> **Assignment**
Needed from the data below: every line from the one with "②Картошка палов с" up to and including the one with "Wellness Coach Lite", repeated exactly and with nothing else.

> **Records to use**
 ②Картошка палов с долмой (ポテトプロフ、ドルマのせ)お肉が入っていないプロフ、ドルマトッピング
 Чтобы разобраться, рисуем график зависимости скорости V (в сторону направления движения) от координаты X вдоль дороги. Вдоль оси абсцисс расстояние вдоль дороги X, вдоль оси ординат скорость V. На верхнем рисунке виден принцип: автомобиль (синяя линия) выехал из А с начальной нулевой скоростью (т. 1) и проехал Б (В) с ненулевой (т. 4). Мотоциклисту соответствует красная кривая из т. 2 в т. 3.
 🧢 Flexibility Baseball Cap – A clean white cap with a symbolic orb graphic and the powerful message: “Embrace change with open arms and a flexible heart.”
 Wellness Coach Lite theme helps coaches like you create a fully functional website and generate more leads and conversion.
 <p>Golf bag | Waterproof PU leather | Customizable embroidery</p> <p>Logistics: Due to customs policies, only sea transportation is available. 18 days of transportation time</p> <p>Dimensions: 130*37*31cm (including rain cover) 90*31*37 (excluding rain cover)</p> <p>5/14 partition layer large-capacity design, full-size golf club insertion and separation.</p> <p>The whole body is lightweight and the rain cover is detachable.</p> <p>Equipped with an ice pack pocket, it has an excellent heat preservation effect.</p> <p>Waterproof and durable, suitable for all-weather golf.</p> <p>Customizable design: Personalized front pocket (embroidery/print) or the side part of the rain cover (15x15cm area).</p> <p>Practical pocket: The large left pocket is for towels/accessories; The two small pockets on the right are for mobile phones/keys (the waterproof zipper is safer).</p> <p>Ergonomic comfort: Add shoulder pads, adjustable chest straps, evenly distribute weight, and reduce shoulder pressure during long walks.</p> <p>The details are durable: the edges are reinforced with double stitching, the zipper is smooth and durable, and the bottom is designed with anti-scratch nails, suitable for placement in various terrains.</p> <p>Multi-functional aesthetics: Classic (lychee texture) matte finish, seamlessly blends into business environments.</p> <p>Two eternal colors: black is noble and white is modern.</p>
--
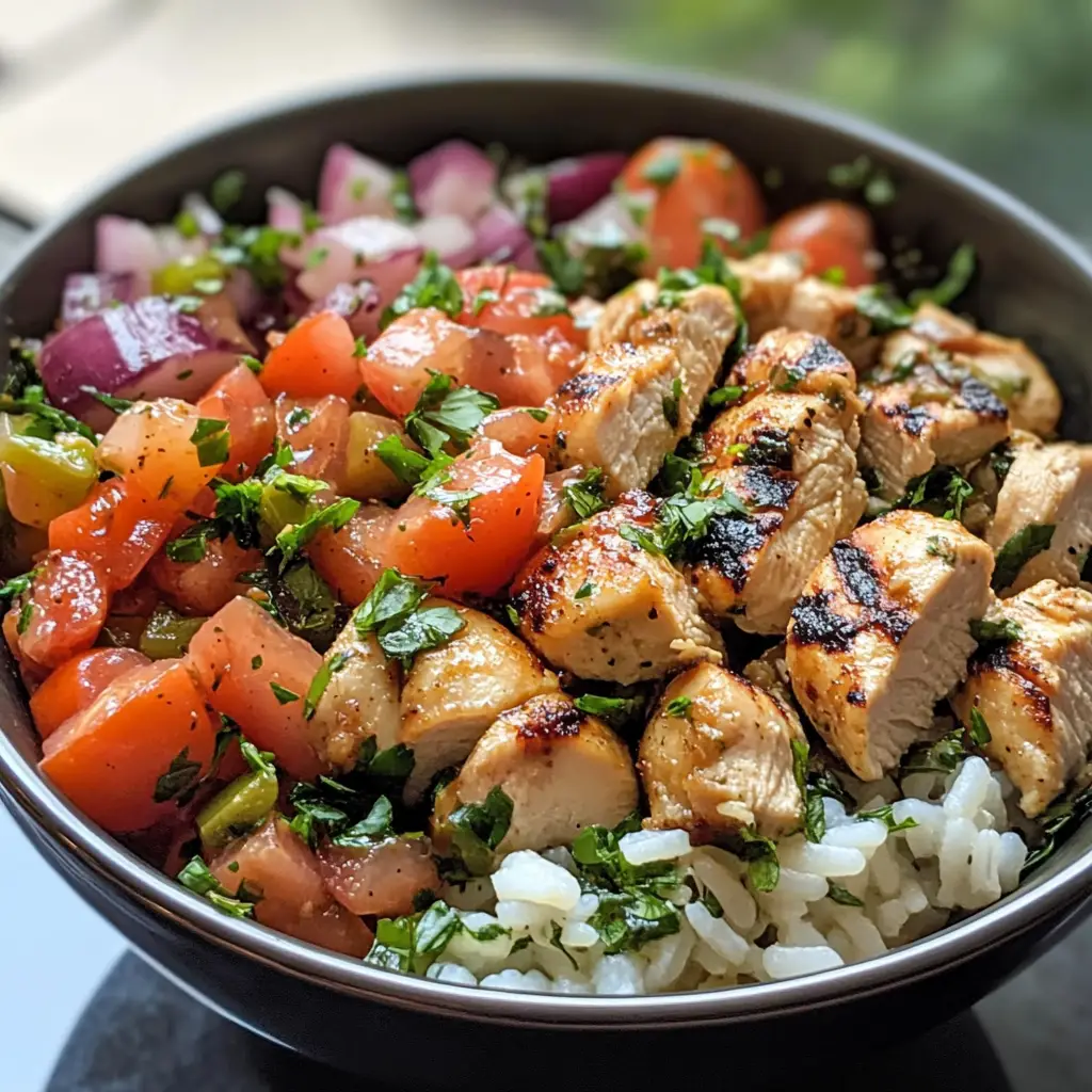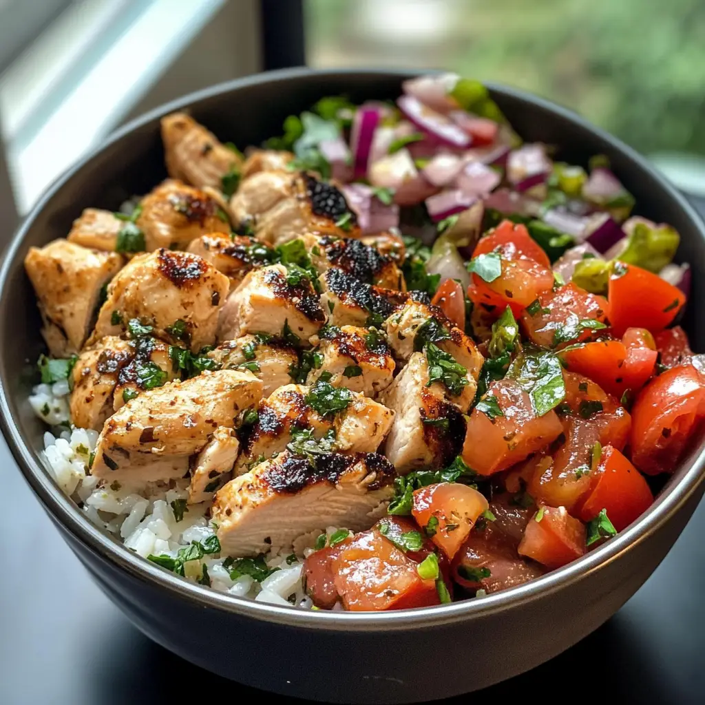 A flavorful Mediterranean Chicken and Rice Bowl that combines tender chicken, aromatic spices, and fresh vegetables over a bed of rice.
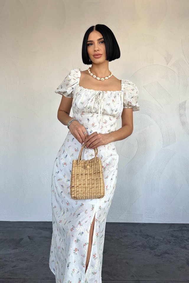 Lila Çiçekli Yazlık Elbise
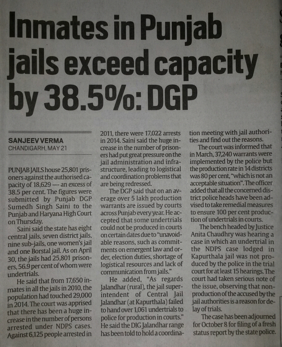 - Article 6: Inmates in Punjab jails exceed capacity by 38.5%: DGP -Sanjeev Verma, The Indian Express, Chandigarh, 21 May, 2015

> **Answer below**
 ②Картошка палов с долмой (ポテトプロフ、ドルマのせ)お肉が入っていないプロフ、ドルマトッピング
 Чтобы разобраться, рисуем график зависимости скорости V (в сторону направления движения) от координаты X вдоль дороги. Вдоль оси абсцисс расстояние вдоль дороги X, вдоль оси ординат скорость V. На верхнем рисунке виден принцип: автомобиль (синяя линия) выехал из А с начальной нулевой скоростью (т. 1) и проехал Б (В) с ненулевой (т. 4). Мотоциклисту соответствует красная кривая из т. 2 в т. 3.
 🧢 Flexibility Baseball Cap – A clean white cap with a symbolic orb graphic and the powerful message: “Embrace change with open arms and a flexible heart.”
 Wellness Coach Lite theme helps coaches like you create a fully functional website and generate more leads and conversion.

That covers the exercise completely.